Obligations associated with acquired unfavorable contracts
  $ 7,990     $ 8,158  
Interest rate swaps
    6,888       4,489  
Deferred revenue
    1,674       1,789  
Other
    1,618       1,765  
 
           
Total
  $ 18,170     $ 16,201  
 
           
 
               
Other Long-Term Liabilities:
               
Interest rate swaps
  $ 6,384     $ 9,155  
Obligations associated with acquired unfavorable contracts
    1,636       7,626  
Deferred revenue
    3,539       3,380  
Minority interest
    848        
Other long-term liabilities
    2,543       3,231  
 
           
Total
  $ 14,950     $ 23,392  
 
           
The decline in other long-term liabilities was primarily the result of the amortization of the unfavorable contracts acquired in the 7-Eleven ATM Transaction. These obligations are being amortized on a monthly basis over the remaining life of the contracts, the majority of which terminate by the end of 2009.

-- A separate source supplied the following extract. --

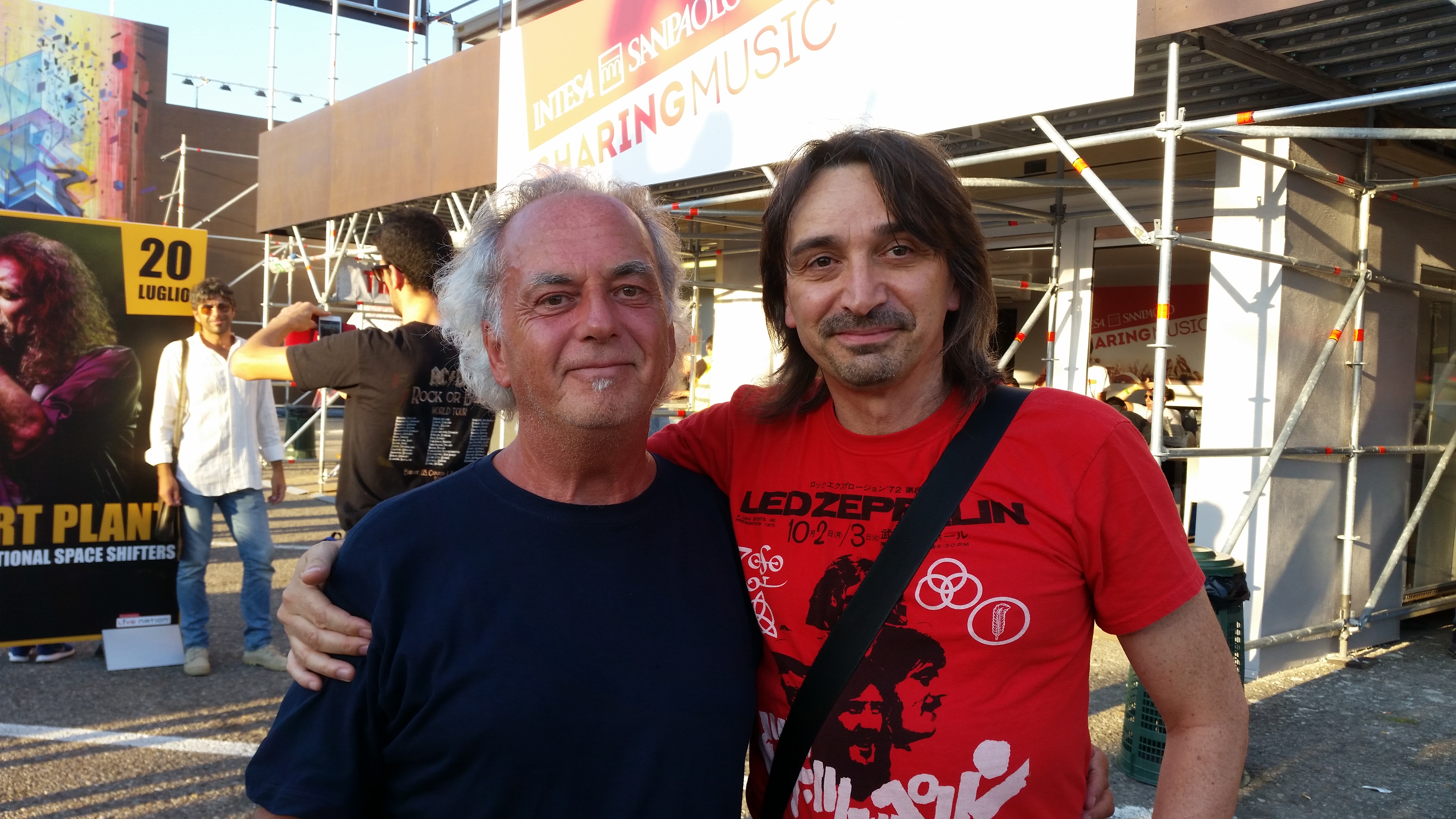 Il forum di Assago mi evoca sempre sensazioni positive. Nemmeno il tempo di arrivare ed ecco che MIKE BRAVO mi viene incontro. Poco dopo arriva DOC con la sua maglietta di PAGE versione doppio manico Chicago 1977 e quindi FRANK e la SILVIA. Un colpo di telefono e incontro anche MARCO GARONI di Milano, altro fan storico che conosco dai tempi della fanzine OH JIMMY.

Minority Interest Liability. As of December 31, 2007, the cumulative losses generated by Cardtronics Mexico and allocable to the minority interest stockholders exceeded the underlying equity amounts of the minority interest stockholders. As Cardtronics is the entity that consolidates Cardtronics Mexico, all losses generated by Cardtronics Mexico were being allocated 100.0% to Cardtronics until such time that Cardtronics Mexico generates a cumulative amount of earnings sufficient to cover all excess losses allocable to the Company, or until such time that the minority interest stockholders contribute additional equity to Cardtronics Mexico in an amount sufficient to cover the losses. In the third quarter of 2008, both Cardtronics, Inc. and the minority interest stockholders in Cardtronics Mexico made additional capital contributions in the amount of $1.8 million and $1.7 million, respectively. As the contribution made by the minority interest stockholders exceeded the excess losses that had been absorbed by Cardtronics, Inc., the Company now has a minority interest payable on its books for the excess of the contribution over the previously absorbed losses.

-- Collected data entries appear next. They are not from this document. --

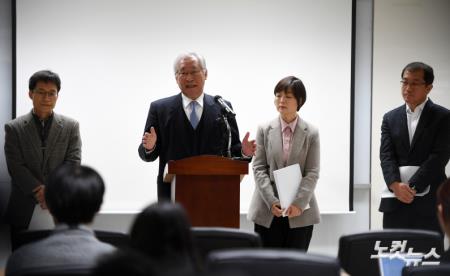 가습기 살균제 사건처리 TF(태스크포스) 팀장인 권오승 서울대 명예교수가 19일 오전 서울 중구 한국공정거래원에서 2012년부터 2016년까지 공정위의 가습기 살균제 사건처리 절차와 내용의 적정성 평가 결과를 밝히고 있다.
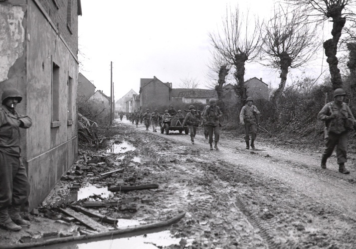 The record is not clear about when Harold rejoined his unit, but it was before the 30th Division’s efforts to break through the German Siegfried Line in the fall of 1944. The 30th Division’s mission at the beginning of October 1944 was to break through between the towns of Rimsburg, Holland and Mariensburg, Germany by crossing the Wurm River and neutralizing German defenses there. The after action report for the subsequent battle recorded that the 120th Infantry encountered heavy artillery fire as they crossed the river and advanced through the heavy woods to their front. German pillboxes and artillery continued to challenge their advance, but the 120th was able to achieve their objective by nightfall on October 5, 1944.
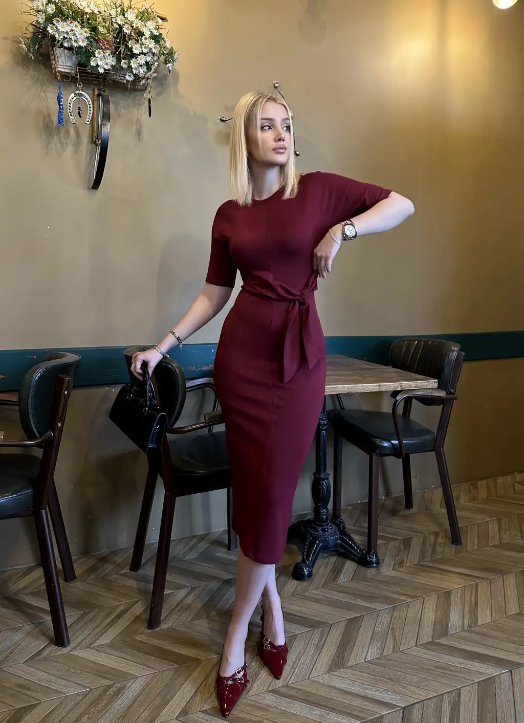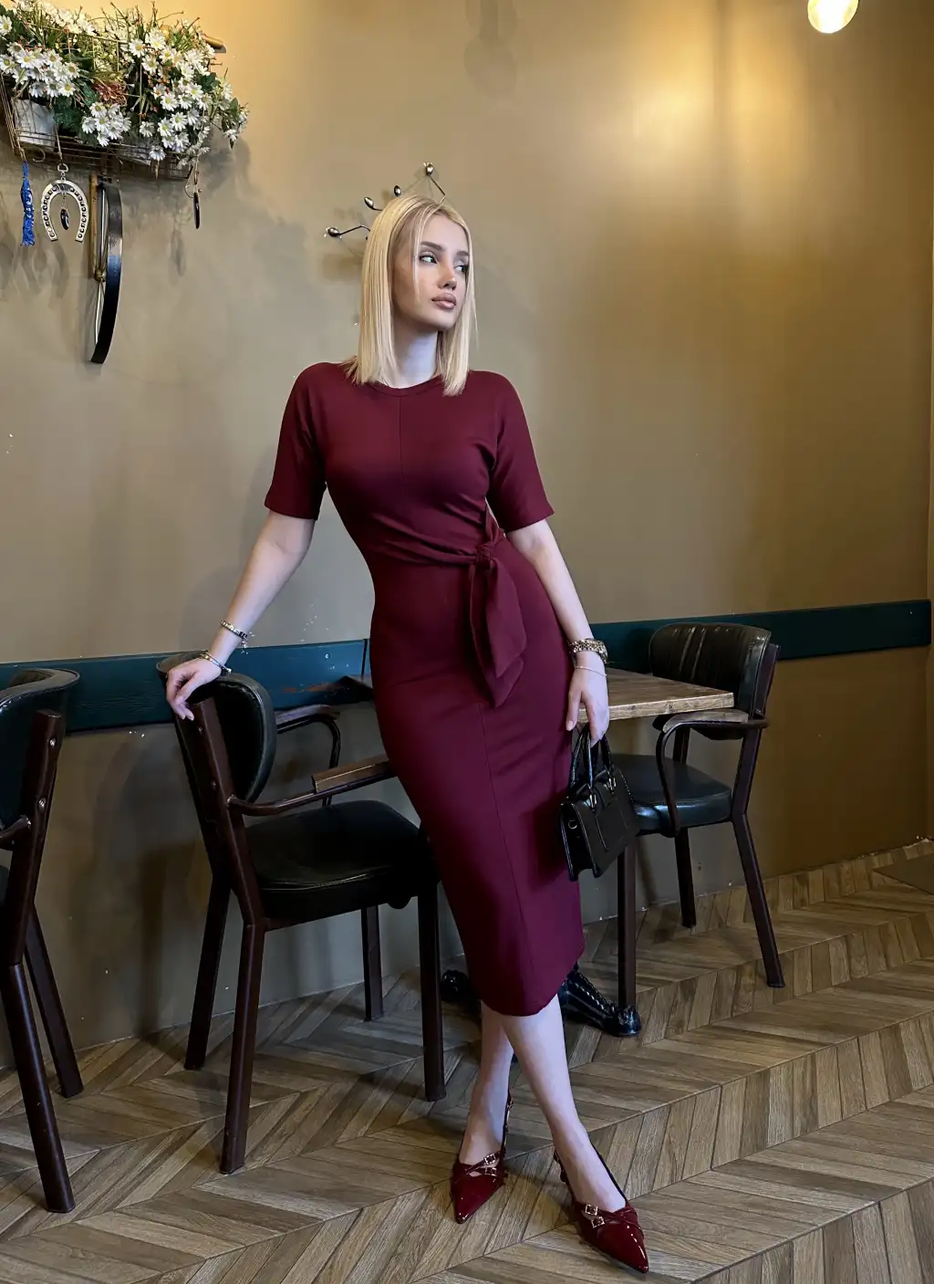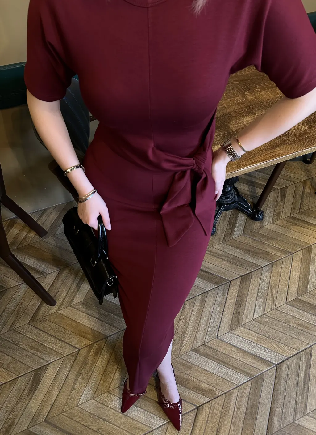 Roselin Bordo Belden Bağlamalı Midi Boy Esnek Elbise
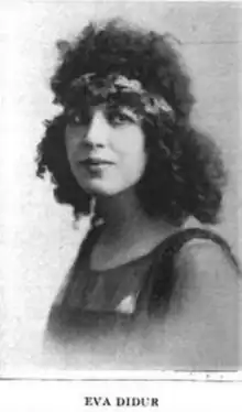 Eva Didur was born in Poland,[1] the daughter of Polish singer Adamo Didur and his first wife, Mexican singer Angela Aranda Arellano. Her younger sisters were Mary Didur-Załuska (1905-1979) and Olga Didur-Wiktorowa (1900-1963), who were also professional singers.[2] Eva Didur studied voice with William Thorner[3] and Gina Ciaparelli-Viafora.[4]
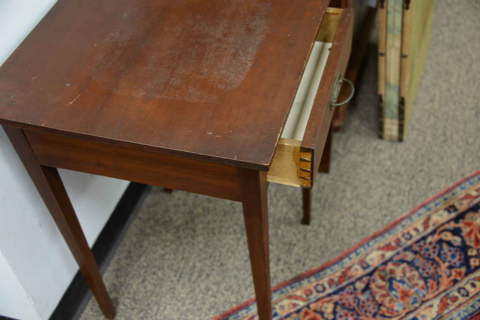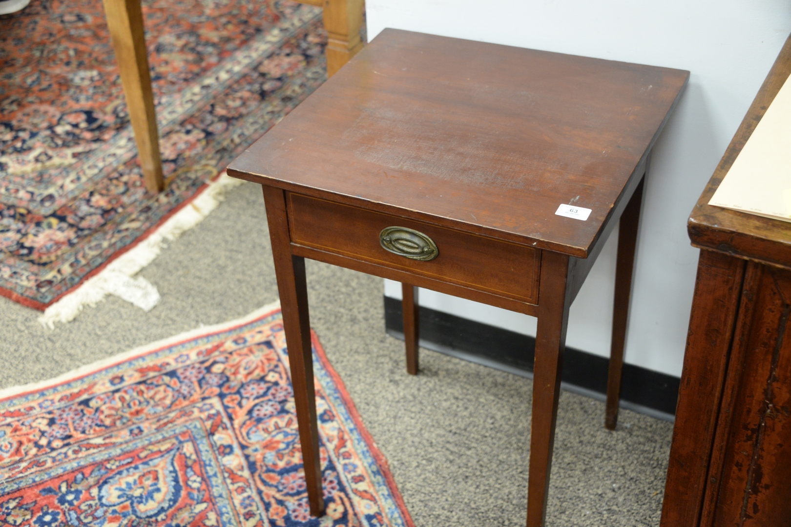 Lot 63: Federal Mahogany One Drawer Stand having inlaid drawer front on tapered legs, height 27 1/2 inches, top 19 x 19 1/2.

(11) Commitments and Contingencies
Legal and Other Regulatory Matters
In June 2006, Duane Reade, Inc. (“Customer”), one of the Company’s merchant customers, filed a complaint in the New York State Supreme Court alleging that the Company had breached its ATM operating agreement with the Customer by failing to pay the Customer the proper amount of fees under the agreement. The Customer is claiming that it is owed no less than $600,000 in lost revenues, exclusive of interest and costs, and projects that additional damages will accrue to it at a rate of approximately $100,000 per month, exclusive of interest and costs. As the term of the Company’s operating agreement with the Customer extends to December 2014, the Customer’s claims could exceed $12.0 million. In response to a motion for summary judgment filed by the Customer and a cross-motion filed by the Company, the New York State Supreme Court ruled in September 2007 that the Company’s interpretation of the ATM operating agreement was the appropriate interpretation and expressly rejected the Customer’s proposed interpretations. The Customer appealed this ruling, and on August 5, 2008, the New York State Court of Appeals remanded the case back to the New York State Supreme Court for trial on the merits. Notwithstanding that decision, the Company believes that the ultimate resolution of this dispute will not have a material adverse impact on its financial condition or results of operations.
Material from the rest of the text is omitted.